* [INFORMATION SUPPLIED]:
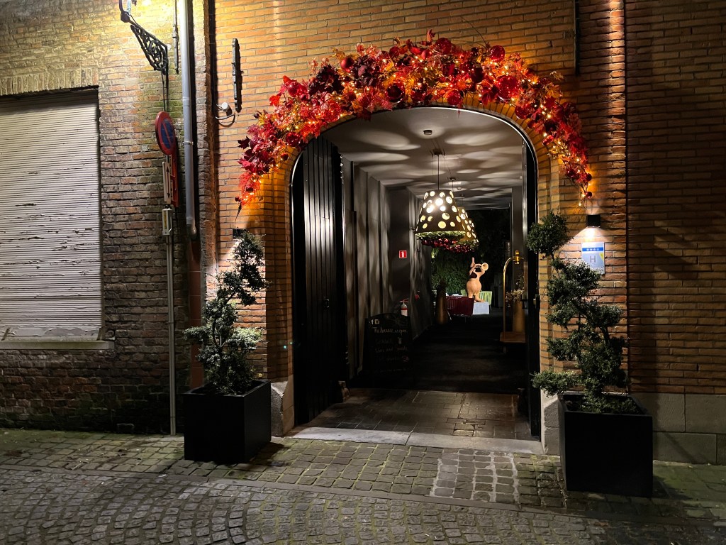 In Bruges I walked into my Christmas- bedecked hotel several hours ahead of check in time and was happy to deposit my bags and begin to explore.
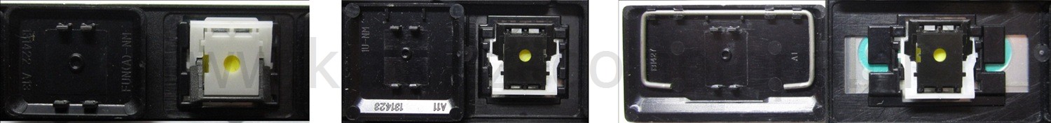 - Bij de meeste toetsenborden die er van buiten identiek uitzien, werden verschillende soorten clips onder de toetsen gebruikt.
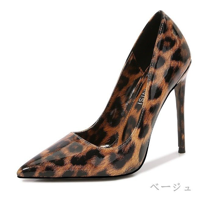 ハイヒールシューズ オフィス とんがりトゥ ピンヒール バイカラー レオパード柄 シンプル 【38】23.5~24cm ホワイト
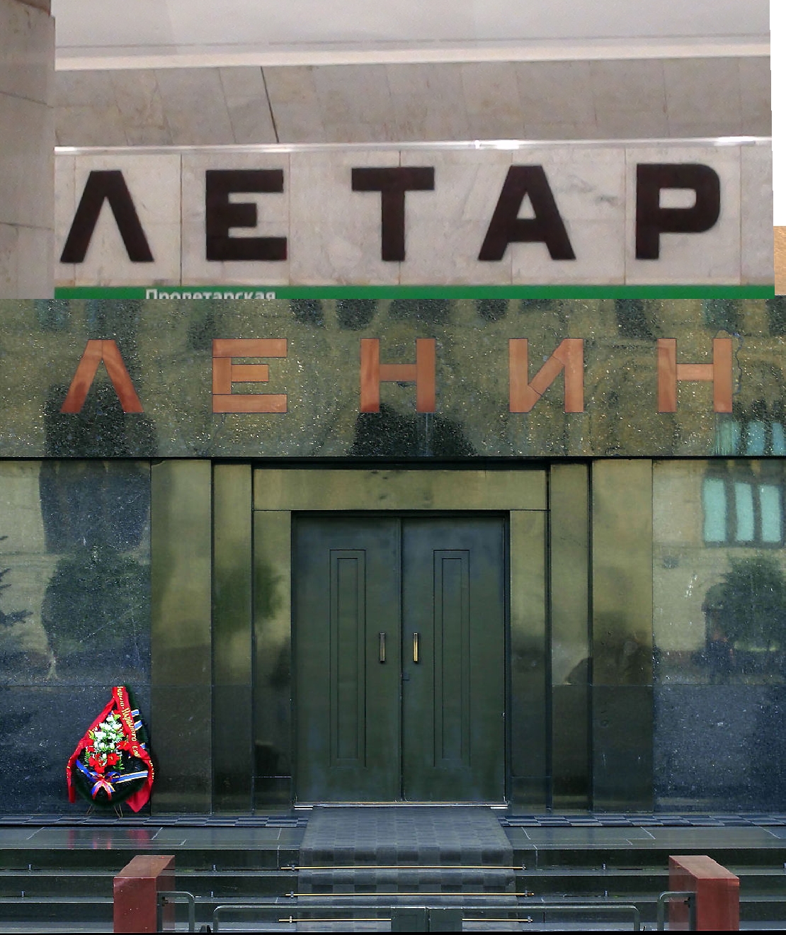 Случайно пересматривая какие-то советские хроники на ютьюбе, увидел мавзолей. Тут-то сразу и сработала ассоциация. Тот же шрифт и материал надписи - камень. Более того, таким же камнем как буквы мавзолея, облицованы наклонные плоскости Пролетарской (розоватый).
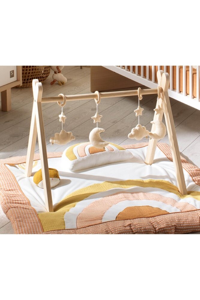 Vďaka jednoduchému a bezpečnému dizajnu poskytuje priestor na hru aj oddych. Zavesené hračky motivujú dieťa k naťahovaniu rúk, čím sa prirodzene rozvíja jeho koordinácia a motorické schopnosti.
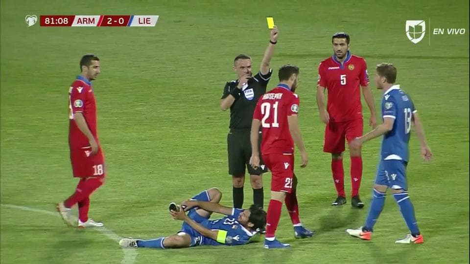 Tarjeta amarilla. El árbitro amonesta a Rumyan Hovsepyan de Armenia on June 8, 2019
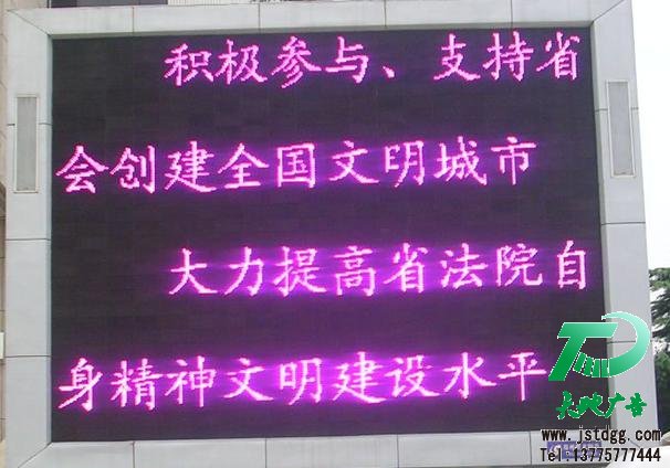江蘇LED電子顯示屏顯示畫面色彩鮮艷,立體感強,靜如油畫,動如電影,廣泛應用于金融、稅務、工商、郵電、體育、廠礦企業、交通運輸、教育系統、車站、碼頭、機場、商場、賓館、銀行、證券市場、建筑市場、拍賣行、工業企業管理和其它公共場所。

* [TRY IT]:
Please output the full listing above exactly, minus any pictures.

* [EXERCISE RESPONSE]:
 In Bruges I walked into my Christmas- bedecked hotel several hours ahead of check in time and was happy to deposit my bags and begin to explore.
 - Bij de meeste toetsenborden die er van buiten identiek uitzien, werden verschillende soorten clips onder de toetsen gebruikt.
 ハイヒールシューズ オフィス とんがりトゥ ピンヒール バイカラー レオパード柄 シンプル 【38】23.5~24cm ホワイト
 Случайно пересматривая какие-то советские хроники на ютьюбе, увидел мавзолей. Тут-то сразу и сработала ассоциация. Тот же шрифт и материал надписи - камень. Более того, таким же камнем как буквы мавзолея, облицованы наклонные плоскости Пролетарской (розоватый).
 Vďaka jednoduchému a bezpečnému dizajnu poskytuje priestor na hru aj oddych. Zavesené hračky motivujú dieťa k naťahovaniu rúk, čím sa prirodzene rozvíja jeho koordinácia a motorické schopnosti.
 Tarjeta amarilla. El árbitro amonesta a Rumyan Hovsepyan de Armenia on June 8, 2019
江蘇LED電子顯示屏顯示畫面色彩鮮艷,立體感強,靜如油畫,動如電影,廣泛應用于金融、稅務、工商、郵電、體育、廠礦企業、交通運輸、教育系統、車站、碼頭、機場、商場、賓館、銀行、證券市場、建筑市場、拍賣行、工業企業管理和其它公共場所。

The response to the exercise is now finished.